Miscellaneous Musings

Proverbs

Redeeming Self-Love

May 30, 2013 by Geoff Leave a Comment

For the Christian, there is a right and wrong way to love yourself or your own life. One can disqualify you from being a disciple of Christ:

If anyone comes to me and does not hate his own father and mother and wife and children and brothers and sisters, yes, and even his own life, he cannot be my disciple. (Luke 14:26)

The other leads you to seek you own highest well-being: God, virtue, wisdom, and so on. 

Whoever obtains wisdom loves himself, and whoever treasures understanding will prosper. (Pro 19:8)

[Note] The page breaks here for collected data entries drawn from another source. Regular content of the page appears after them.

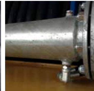
Raffreddamento olio per raccolta idraulica Oil-cooling system for hydraulic winding Système refroidissement huile pour enroulement hydraulique
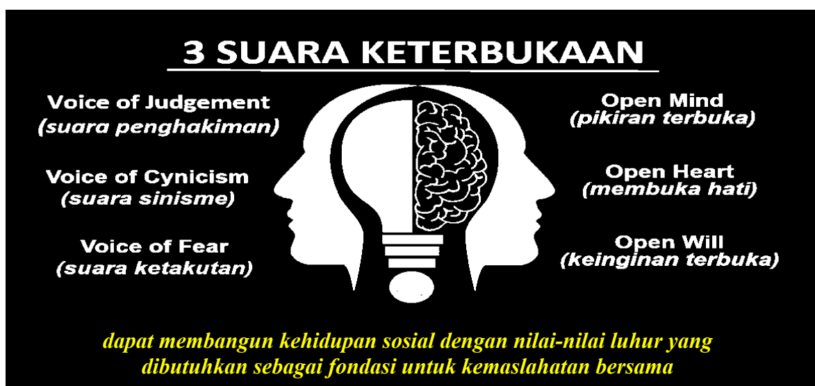
Gambar 2. tiga Suara Keterbukaan Dalam Internalisasi Nilai Moderasi Beragama

Kedua , mempraktikkan analisis 3 (tiga) suara keterbukaan dalam penguatan moderasi beragama dalam kegiatan pembelajaran, yang terdiri dari: open mind (pikiran terbuka); open heart (membuka hati), dan open will (keinginan terbuka), seperti pada gambar berikut.
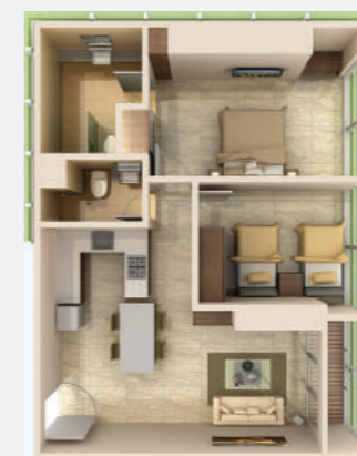
2 BR STANDARD 85 m 2
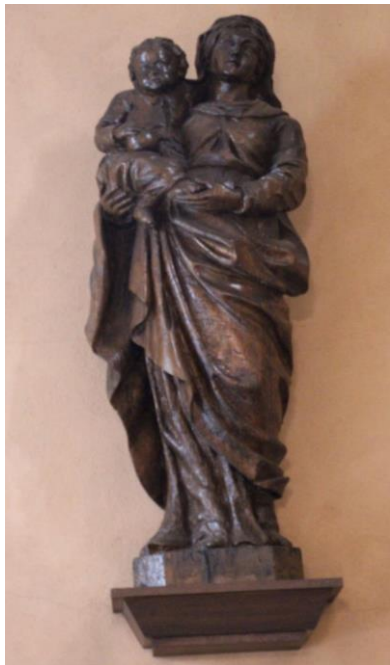
Vierge à l'Enfant portant le globe terrestre, bois sculpté, XVIIe

Paul, le curé d'Ars, sainte Thérèse de l'Enfant-Jésus.
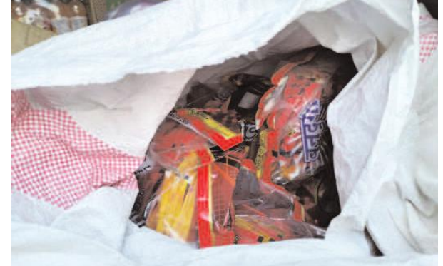
దుంబ్రుణు, డిసెంబర్ 31, మజిలీస్వామి: ఒకశా రాష్ట్రం నుంచి మందలంల గుట్కాను వ్యాపారస్తులు తరలిస్తున్నారు. ఒకశా రాష్ట్రం నుంచి చుట్టూ మీదుగా జైపూర్ రోడ్డు కూడలి ద్వారా మందలంల గుట్కా తరలిస్తున్నారు. ఒకశా నుంచి గుట్కాను దిగుమతి చేస్తూ ప్రవేటు వ్యాపారస్తులు సొమ్మును చేసుకుంటున్నారు. మందలం వ్యాప్తంగా విస్తరించిన గుట్కాను తరలిస్తున్నారు. దుకాణాలను ఆక్రమించి చేసుకుంటున్న లక్షలాది రూపాయల గుట్కా విక్రయాలి సాగుతున్నాయి. మందలం లో రాత్రి వేళలో గుట్కాను తరలింపి లక్షలాది రూపాయలను వ్యాపారస్తులు సొమ్ము చేసుకుంటున్నారు. గుట్టు చప్పుడుగా సాగు తన్ను గుట్కా తరలింపుకు అడ్డుకట్ట వేయాలని గిరిజనులు కోరుతున్నారు.
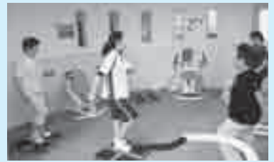
ラウンドフィットネス

初めてラウンドフィットネスをする人が対象です。有酸素運動(ウォーキング、ステップ)と筋力運動(マシン)を30秒ずつ交互に行います。※所要時間は30～45分程度です。
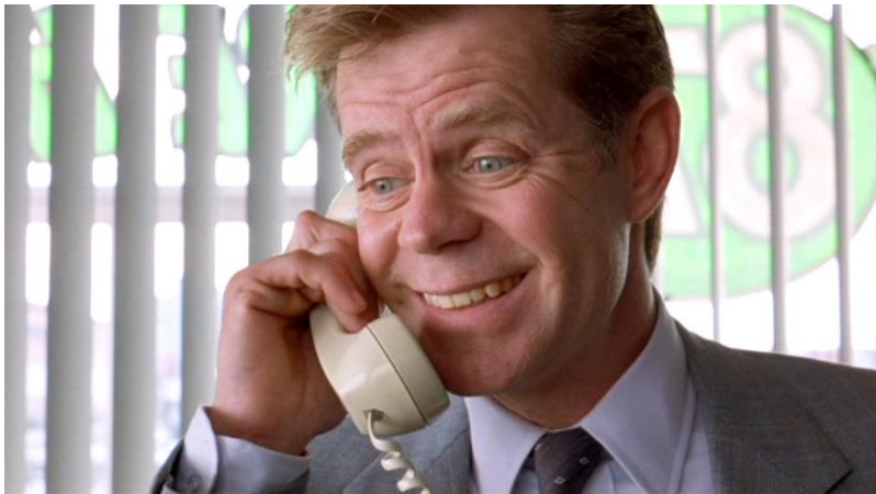
KUVA 7. Jerry Lundegaard (William H. Macy) Fargo-elokuvassa.

Jerry Lundegaard on Fargo-elokuvan päähenkilö, mies, joka ajautuu epätoivoiseen tekkoon. Hän on rahapulassa, eikä hänen rikas anoppinsa suostu antamaan hänelle lainaa. Jerry palkkaa kaksi rikollista kidnappaamaan vaimonsa, jotta saisi anoppinsa maksamaan kovat lunnaat. Kaikki väistämättä kuitenkin alkaa menemään pieleen, ja Jerry menettää otteensa operaatiosta.
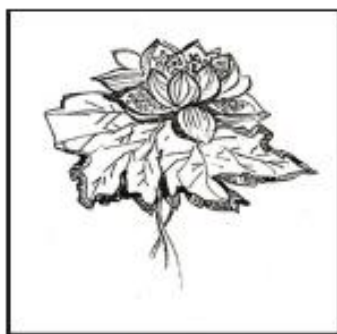
Рисунок 5 – Графический цветок

3.7.5 Все изображения в приложениях следует именовать словом Рисунок и нумеровать арабскими цифрами сквозной нумерацией, начавшейся в тексте, если туда были помещены иллюстрации. На все рисунки в тексте пояснительной записки должны быть даны ссылки. В одном приложении могут быть расположены один или несколько рисунков. Например:
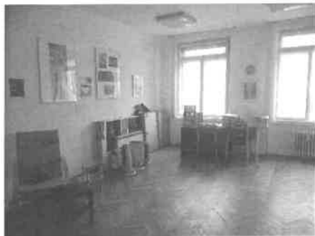
m. č. 204
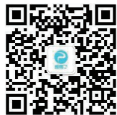
微信公众号二维码
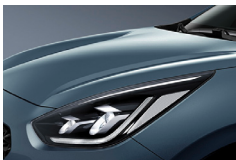
Horizon Blue (BBL) metallic
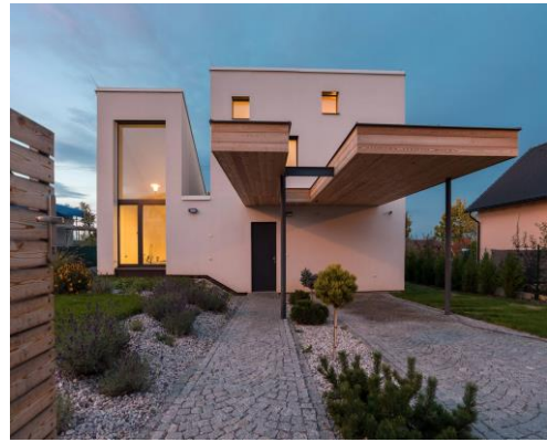
Dům na větrném kopci, novostavba rodinného domu
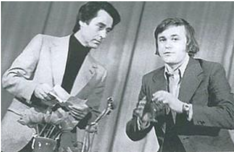
В редакции тверской газеты

Come, O children, listen to me; I will teach you the fear of the LORD. What man is there who desires life and loves many days, that he may see good? Keep your tongue from evil and your lips from speaking deceit. Turn away from evil and do good; seek peace and pursue it. The eyes of the LORD are toward the righteous and his ears toward their cry. The face of the LORD is against those who do evil, to cut off the memory of them from the earth. When the righteous cry for help, the LORD hears and delivers them out of all their troubles. The LORD is near to the brokenhearted and saves the crushed in spirit. Many are the afflictions of the righteous, but the LORD delivers him out of them all.
(Psalms 34:11-19)

Elsewhere, Jesus puts the two ideas into a paradoxical statement:

Whoever loves his life loses it, and whoever hates his life in this world will keep it for life in the age to come. (John 12:25)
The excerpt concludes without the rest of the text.